WHAT THE EXERCISE ASKS: Of all the entries below, retype only the lines from the one with "3月25日,美國總統奧巴馬在" through the one with "Make Your Moment", exactly as they appear.

------ GIVEN RECORDS ------

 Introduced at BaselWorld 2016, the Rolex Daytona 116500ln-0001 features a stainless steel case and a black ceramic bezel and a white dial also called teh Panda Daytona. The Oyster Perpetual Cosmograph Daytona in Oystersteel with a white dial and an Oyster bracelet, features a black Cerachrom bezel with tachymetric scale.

------
------ GIVEN RECORDS ------

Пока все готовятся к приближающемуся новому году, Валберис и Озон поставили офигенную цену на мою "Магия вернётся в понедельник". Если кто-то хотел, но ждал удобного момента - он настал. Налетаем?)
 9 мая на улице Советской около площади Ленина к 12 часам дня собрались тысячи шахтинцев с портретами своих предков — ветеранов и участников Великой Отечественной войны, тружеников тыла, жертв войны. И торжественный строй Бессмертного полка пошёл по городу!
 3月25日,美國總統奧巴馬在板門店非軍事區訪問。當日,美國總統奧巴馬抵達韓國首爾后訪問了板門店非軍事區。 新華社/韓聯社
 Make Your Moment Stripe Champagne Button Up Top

------

OUTPUT FOR THIS EXERCISE:
 3月25日,美國總統奧巴馬在板門店非軍事區訪問。當日,美國總統奧巴馬抵達韓國首爾后訪問了板門店非軍事區。 新華社/韓聯社
 Make Your Moment Stripe Champagne Button Up Top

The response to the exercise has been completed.